D’où une sorte de Rubik's Cube de l’engagement. Les uns, proches du RN et consorts, soutiennent Poutine dans la mesure où il incarne le spectre brun qui hante l’Europe. Les mêmes appuient Netanyahou parce qu’il représente une force territorialisée apte à détruire l’Arabe errant – dernière cible en date de l’extrême droite. Celle-ci se divise néanmoins, puisque certains de ses éléments vouent un culte à une poignée d’Ukrainiens fascisants adeptes de Stepan Bandera (1909-1959) ; tout en prenant le parti des Palestiniens, par antisémitisme atavique.

Haine primaire

Un antisémitisme d’une autre nature se vérifie chez quelques égarés au sein de la gauche. Il ne s’agit pas de celles et ceux qui s’opposent, légitimement, aux injustices propres à une situation aux tournures coloniales enracinée depuis 1967 sur la « Terre promise ». Il s’agit de cette haine primaire des « sionistes », qui rejoint « le socialisme des imbéciles » (August Bebel) de jadis. Par surcroît, une fraction de cette gauche, un rien rouillée, croit pouvoir distinguer en Poutine un héritier, même lointain, de 1917…

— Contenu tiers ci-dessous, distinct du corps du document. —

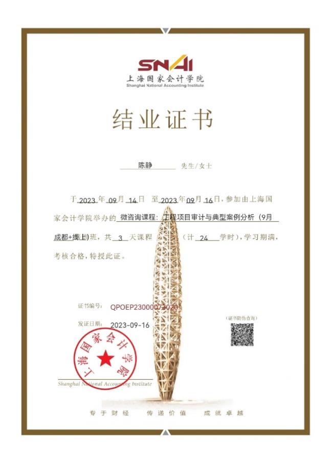 为进一步提升工程审计师资团队的专业水平,以更好地服务学生的教学与科研,9月14日至16日,建筑与工程学院选派专业负责人陈静参加由上海国家会计学院举办的“微咨询课程:工程项目审计与典型案例分析”研修班,并通过考核获得结业证书。
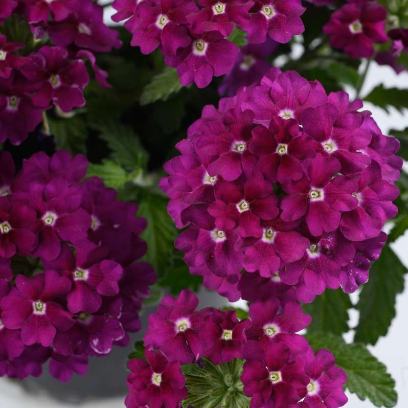 Verbena Vanessa Magenta to efektowna odmiana werbeny ogrodowej, wyróżniająca się intensywnie magentowymi kwiatami o głębokim, nasyconym kolorze, widocznym z dużej odległości. Kwiaty zebrane są w zwarte, regularne baldachogrona, które obficie pojawiają się od późnej wiosny aż do jesieni, zapewniając długotrwały i stabilny efekt dekoracyjny. Odmiana ceniona jest za niezawodne kwitnienie, wysoką estetykę oraz dobrą tolerancję na warunki letnie.

Un tel échiquier politique, aussi éclaté que périmé, empêche de penser l’événement historique. On s’en tient au plus féroce b.a.-ba : les ennemis de mes ennemis sont mes amis. D’où un empêtrement général qui peine à saisir qu’aujourd’hui, après des mois et des années de destructions, se comportent à l’unisson les boutefeux Poutine et Netanyhaou.

Mentir, bluffer, décimer. Soustraire sa loi du plus fort au regard de la presse internationale. Alimenter la caisse de résonnance des réseaux sociaux aux fins de justifier l’injustifiable – ou encore en vue de harceler qui refuse d’admettre l’inadmissible. Amalgamer, essentialiser, invalider : les Ukrainiens dans leur ensemble ressortiraient du nazisme, tous les Palestiniens seraient sous la coupe du terrorisme. Etc., etc.

La « cause existentielle » est entendue. Impossible de se mettre en travers du chemin inhumain d’un tel duo de chefs de guerre. À toute critique, Poutine s’autorise à rétorquer : « Russophobie ». Netanyahou, quant à lui, se prévaut de riposter : « Antisémitisme ».

Voilà pourquoi il est grand temps que l’esprit public adopte cette règle d’or, démocratique puisqu’elle consiste à séparer le bon grain du peuple de l’ivraie des autocrates : être russophobe, c'est être poutinophile ; de même qu’être netanyahouphile, c’est être israélophobe.

La paix, demain, sera au prix d’un tel dessillement et d’une telle détermination.